Il percorso della conferenza, quindi delle slide, è stato lineare e il contenuto delle slide stesse è agevolmente comprensibile, anche senza commenti, da coloro che, come gli ingegneri, hanno una cultura scientifica di base. Sono una sintesi completa, facilmente integrabile per alcuni argomenti da chi avesse interessi specifici, che, partendo dalla preoccupante situazione attuale, dalle tecnologie in essere per contrastarla, indichi cosa è realisticamente possibile fare per mitigare l’impatto ambientale fino al raggiungimento della produzione di energia “pulita”, attinta a una fonte praticamente inesauribile, in quantità sufficiente a soddisfare le crescenti esigenze dell’umanità.
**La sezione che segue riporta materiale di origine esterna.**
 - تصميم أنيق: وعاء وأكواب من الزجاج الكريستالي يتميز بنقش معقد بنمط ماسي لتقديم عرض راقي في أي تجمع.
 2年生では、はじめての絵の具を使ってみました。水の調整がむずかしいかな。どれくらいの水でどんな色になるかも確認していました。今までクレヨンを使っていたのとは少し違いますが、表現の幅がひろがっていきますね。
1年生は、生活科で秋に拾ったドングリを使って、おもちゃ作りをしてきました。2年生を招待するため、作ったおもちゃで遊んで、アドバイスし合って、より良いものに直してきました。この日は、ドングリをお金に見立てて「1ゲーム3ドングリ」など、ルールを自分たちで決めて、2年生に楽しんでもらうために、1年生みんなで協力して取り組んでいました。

Non è ancora stato “praticamente” dimostrato che con la fusione nucleare si ottenga più energia di quanta viene richiesta per erogarla. Ci si arriverà, e, per il futuro dei nostri figli e nipoti, dobbiamo darlo per certo.

Non sarà sicuramente il 2050, perché non è un obiettivo che si possa fissare per decreto: potrebbe essere anche prima, perché necessariamente dopo? Al Tokamak in California, sperano prima.
Ma una volta realizzato il prototipo, quanto tempo ci vorrà prima che la realizzazione delle nuove centrali a fusione nucleare dia, in modo rilevante, il suo apporto alla soluzione della riduzione della CO2 in atmosfera? O per convincere la Cina ad abbandonare il carbone come principale fonte energetica? E non solo la Cina, dato che per ognuno degli otto miliardi di esseri umani presenti oggi sulla faccia della Terra, viene bruciata una tonnellata di carbone all’anno.

L’umanità ha davanti a sé una sfida quale non ha mai affrontato. Per di più ne è cosciente a tutti i livelli, perché i media non fanno che ricordarla. Bene fanno, ma il continuo martellare spaventa e può portare a decisioni irrazionali da parte delle forze politiche che vogliono voti, anche di chi è abituato a pretendere senza dare, lasciando ad altri il compito di risolvere i problemi.

In questa fase transitoria, come dovrebbe agire la maggior parte degli ingegneri, che opera ogni giorno sul territorio, lontano dagli avanzati centri di ricerca? Fare tutto il possibile perché quanto progetta sia indirizzato al massimo risparmio energetico e al minimo impatto ambientale, con le tecnologie a disposizione, e – cosa non secondaria – con la capacità economica dei propri clienti.
Anche affinando anno dopo anno accorgimenti che non risolvono radicalmente il problema dell’inquinamento atmosferico e del consumo di fonti non rinnovabili, si possono ottenere, a medio termine, risultati non trascurabili.

Non è un compito secondario, perché non è detto che dall’osservazione di realizzazioni diffuse – sottoponibili ad un’analisi statistica – non sortiscano osservazioni o tecnologie originali, capaci di superare positivamente un’analisi costi-benefici complessiva, permettendo di “sopravvivere” senza catastrofi, in attesa che l’idrogeno “pulito” garantisca all’umanità, liberata da incubi e spettri, millenni e millenni di felice esistenza.

Gennaro Guala

N.B. Nell’analizzare le necessità bisognerebbe anche tener conto delle leggi dei grandi numeri, e non fare semplici divisioni o moltipliche.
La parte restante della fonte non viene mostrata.